Extracted data entries:
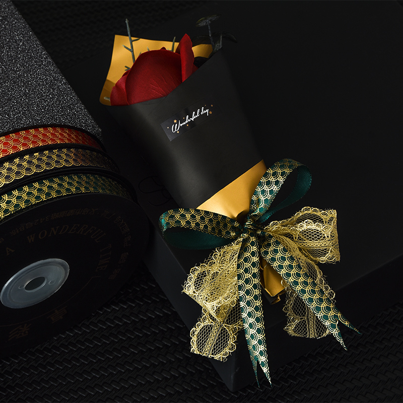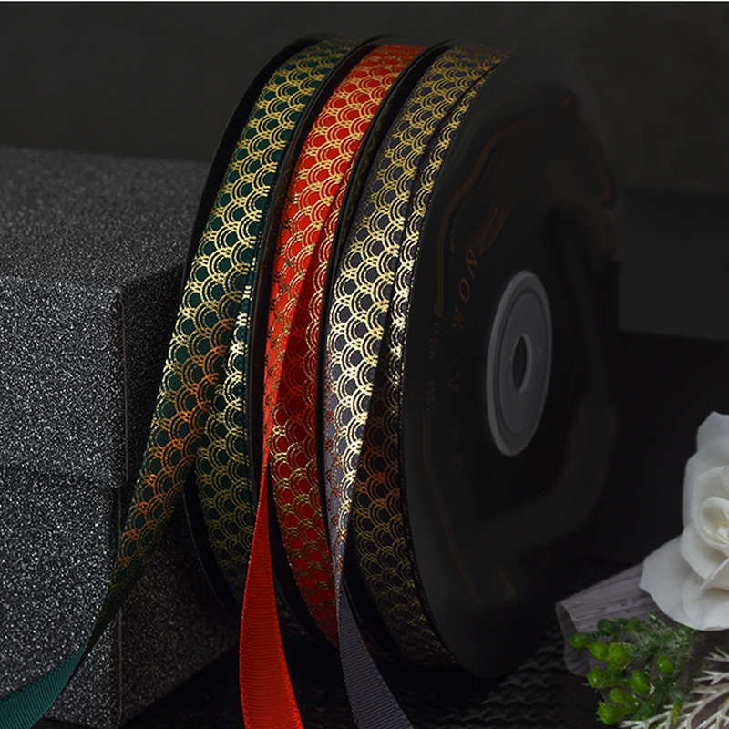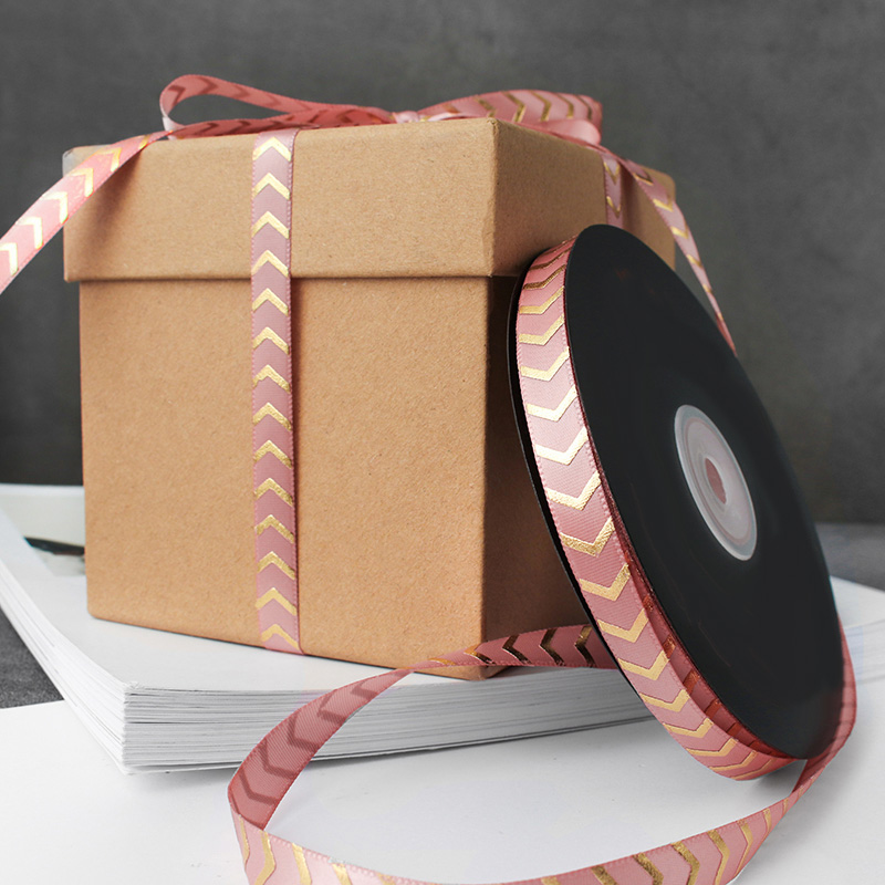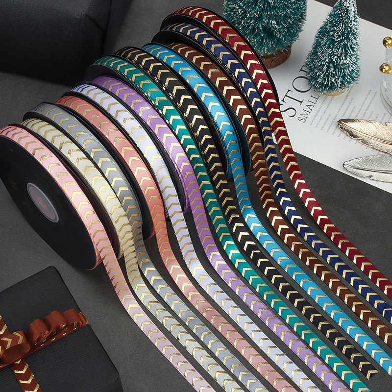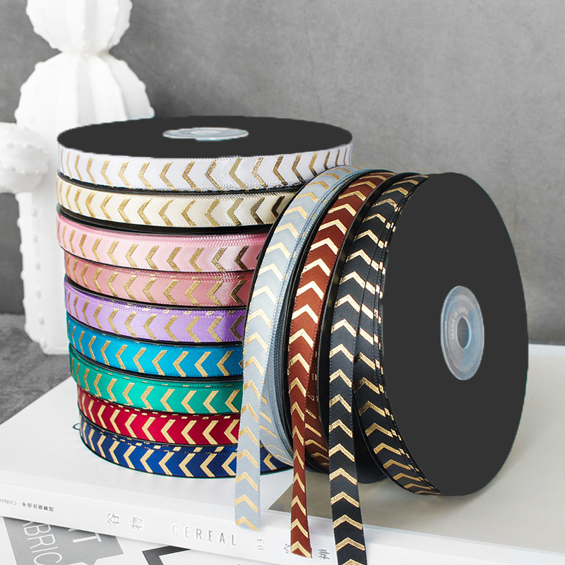 [Название продукта]:Печать золотых стрелок/волны атласная лента
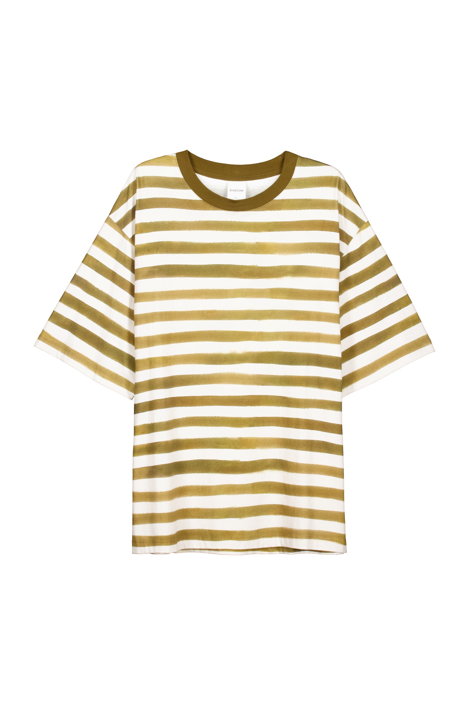 Designed with a standard fit and relaxed drop shoulders, the Box Tee offers a boxy silhouette that makes it an everyday essential. Made from soft midweight organic cotton jersey, it features our hand-painted Brushstroke Stripe print — an artful take on a traditional breton stripe.
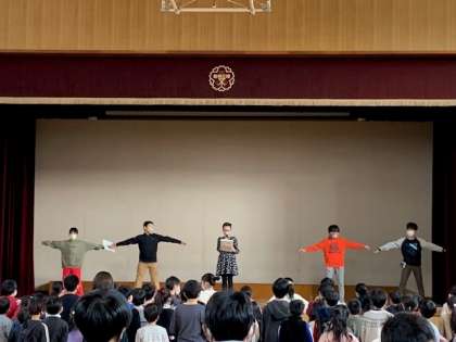 まずは、3種のポーズとそのとり方を集会委員のメンバーがみんなに伝授。
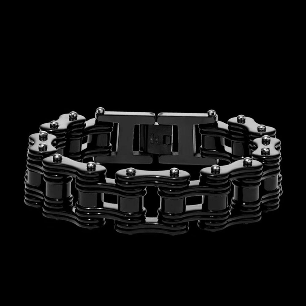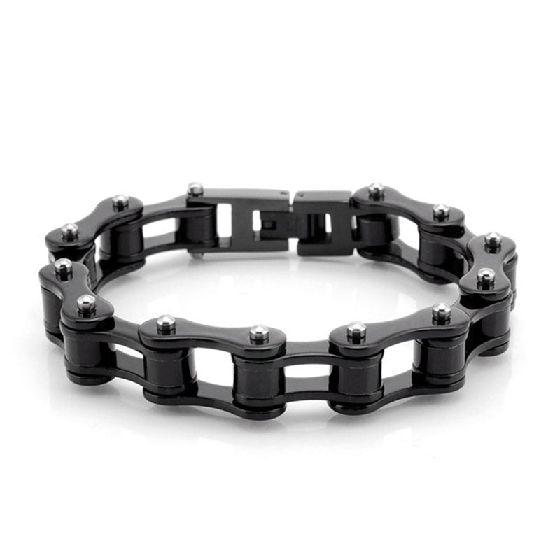 Pulseras/Brazaletes para Hombre, de Acero Inoxidable, con Eslabones de Motocicleta y Bicicleta de Motorista Negra, para Hombre
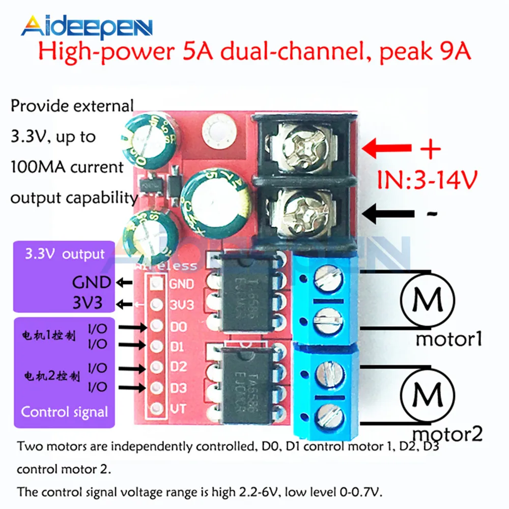 Модуль привода двигателя постоянного тока, 5 А, напряжение 3-14 в, ШИМ-регулировка скорости, Super L298N 5AD
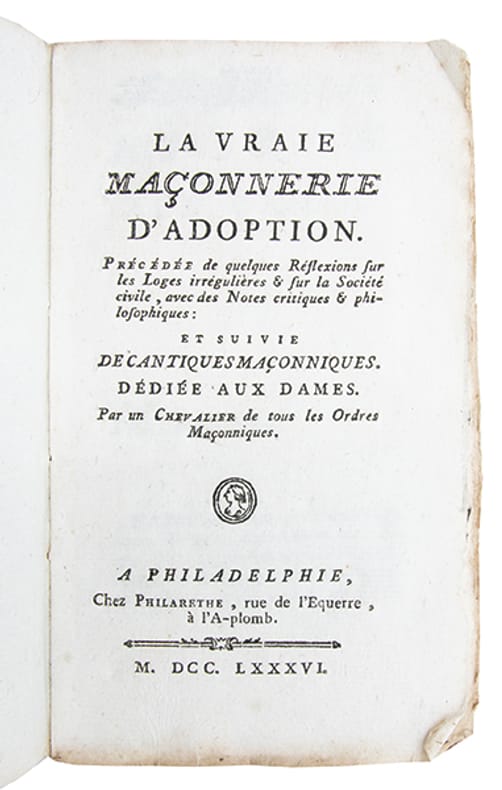 Le faux-titre de cette édition porte : "Manuel des Franches-Maçonnes ou la vraie Maçonnerie d'adoption". Le "Cantique de clôture" se trouve pages 97-98.L'un des premiers ouvrages français sur l'initiation des femmes, reconnues dans l'épître introductive "aussi libres & aussi raisonnables que nous" [les hommes] : loges d'adoption, réception, grades, compagnonnage, Maîtresse parfaite, Autel du feu et de la vérité, ornements et bijoux, etc. (Cf. Caillet, 4850. Dorbon, 2044. Fesch, 723).Petit accroc de papier à la dernière page, sans perte.Très bon exemplaire, imprimé sur papier fort, tel que paru entièrement non rogné sous sa couverture de papier d'attente d'origine.
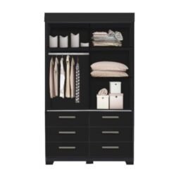 Guarda-Roupa Buzios 2 portas de correr com espelho 6 gavetas – Preto
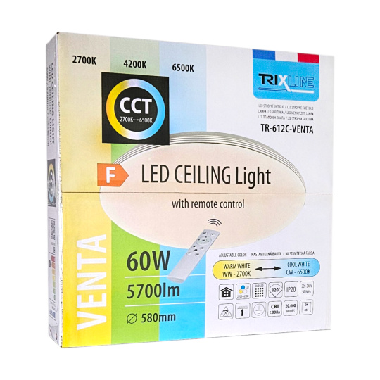 LED stropní svítidlo TR-612C - VENTA 60W 5700lm ø58cm CCT + ovladač Trixline
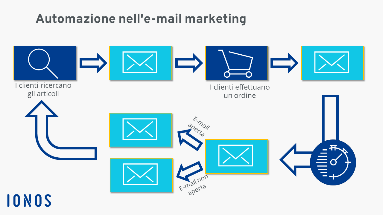 Grazie all’automazione prendi due piccioni con una fava: infatti puoi reagire molto più velocemente e in modo personalizzato per ogni utente. A seconda di come la tua clientela si comporta online, prepara in anticipo la giusta e-mail e la spedisci in tempo reale. Allo stesso tempo risparmi risorse, perché per praticare un e-mail marketing efficace grazie ai processi di automazione hai bisogno di meno tempo e meno personale.
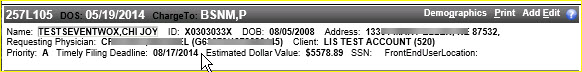 The navigation bar displays the Accession number, Date of Service and ChargeTo information. In addition, the navigation bar provides the functions listed below.
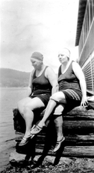 Description :UNE FEMME INCONNUE ET JESSIE LANGIS EN MAILLOT DE BAIN, ASSISES PRES DU CHALET, QUE L'ON APERCOIT EN PARTIE. JESSIE PORTE UN CASQUE DE BAIN, UNE SERVIETTE DE PLAGE AUTOUR DE LA TAILLE ET DES BAS DE NYLON ROULES SOUS LES GENOUX. L'AUTRE FEMME P...
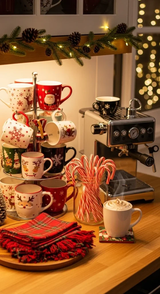Turn your morning coffee ritual into a cheerful moment. Set up a Christmas coffee station with festive mugs, flavored syrups, and candy canes as stirrers. Add a mini wreath or a strand of fairy lights above your coffee maker. Use a red plaid tray for organization. It’s a simple touch that instantly brings warmth and joy to your kitchen routine.
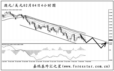 ▲英鎊兌美元下行即將考驗(yàn)下方的兩道強(qiáng)支撐1.5830和1.5705,短線的下跌趨勢(shì)保持良好。圖中的下跌通道為經(jīng)驗(yàn)性畫法形成,目前處于通道中部,英鎊短線仍有望再創(chuàng)新低。操作上可繼續(xù)做空英鎊,但在接近1.5700時(shí)建議先行離場(chǎng)觀望。
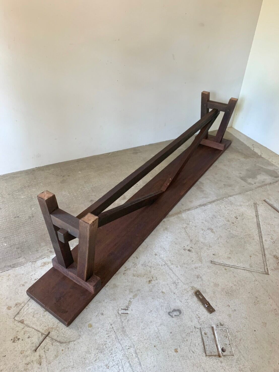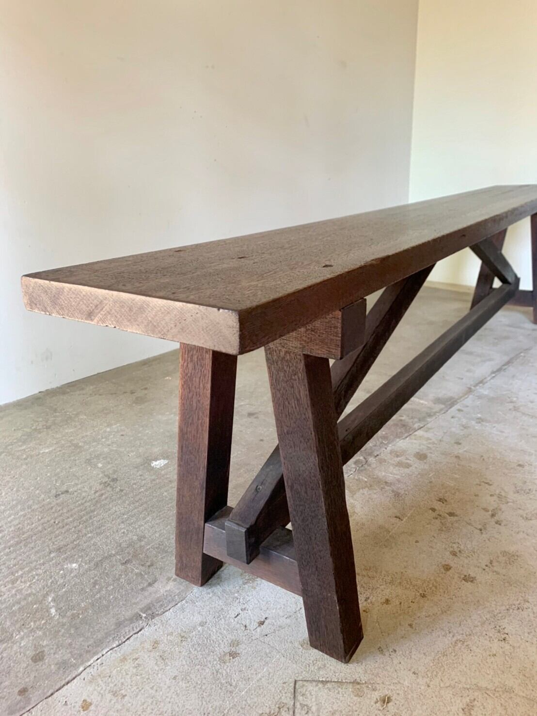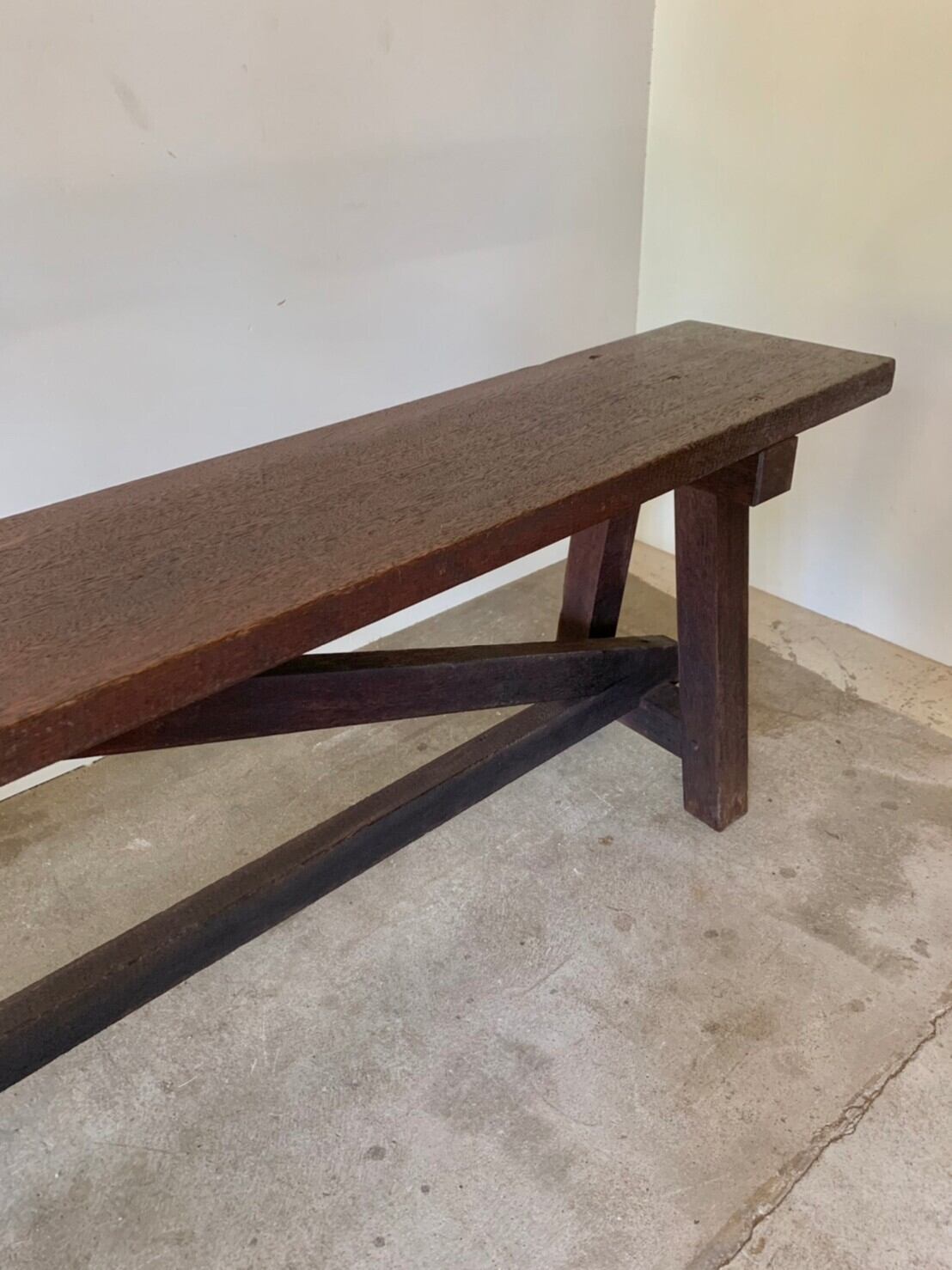 座りごこちを考えてか使われて行くうちにすりへったのか、天板が水平ではなく少し傾斜があります。
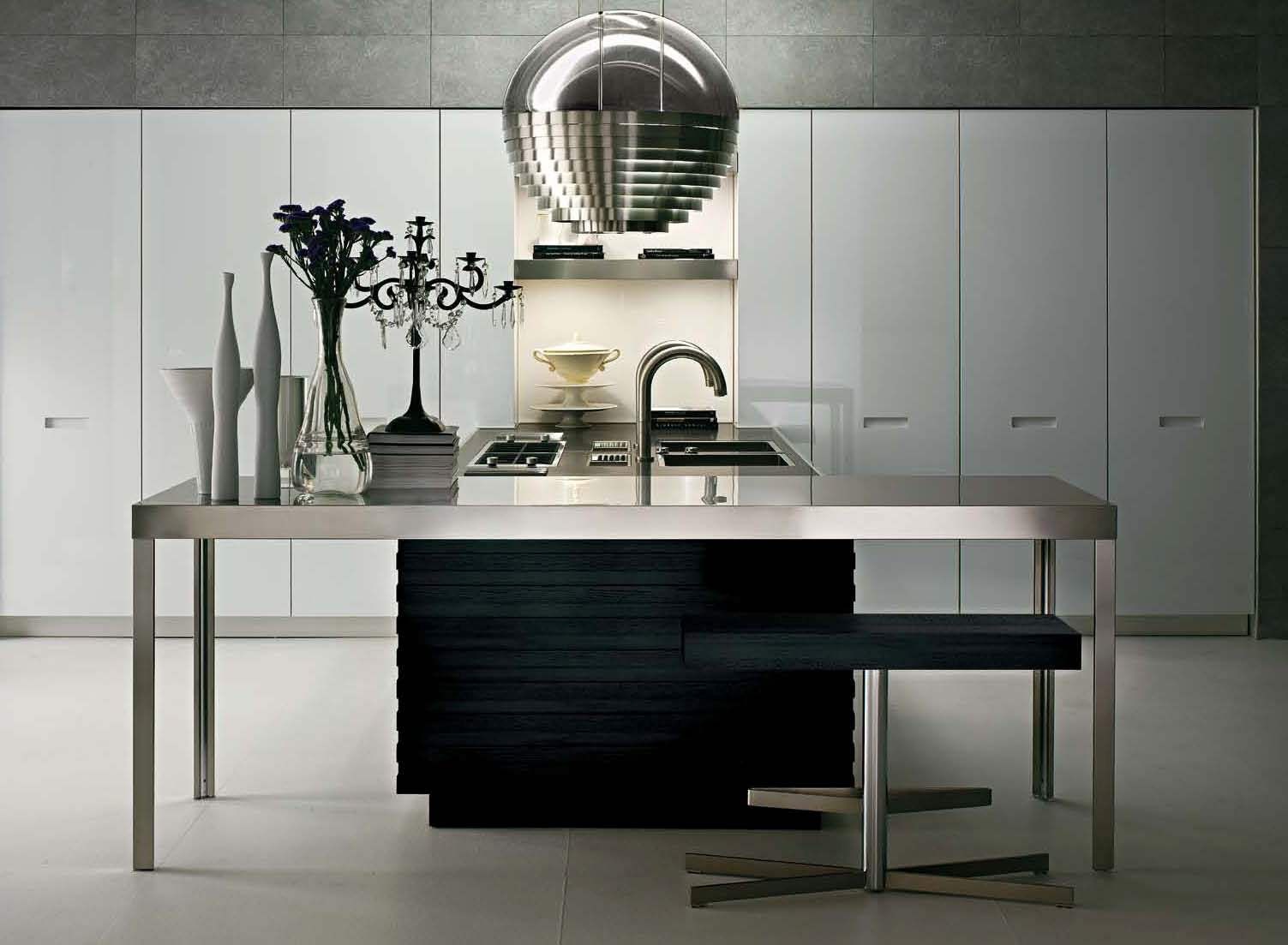 Kitchen Cuisine from the Italian manufacturer Salvarani. The model is made in modern style. The frame is made of MDF, the facade was decorated spanam and stainless steel. Countertop made of artificial stone. The color of the headset in combination of steel and black.

What to do: Give back the exact lines above, running from the one that has "まずは、3種のポーズとそのとり方を集会委員のメンバーがみんなに伝授。" through the one that has "Модуль привода двигателя", with nothing added and no pictures.

Your solution:
 まずは、3種のポーズとそのとり方を集会委員のメンバーがみんなに伝授。
 Pulseras/Brazaletes para Hombre, de Acero Inoxidable, con Eslabones de Motocicleta y Bicicleta de Motorista Negra, para Hombre
 Модуль привода двигателя постоянного тока, 5 А, напряжение 3-14 в, ШИМ-регулировка скорости, Super L298N 5AD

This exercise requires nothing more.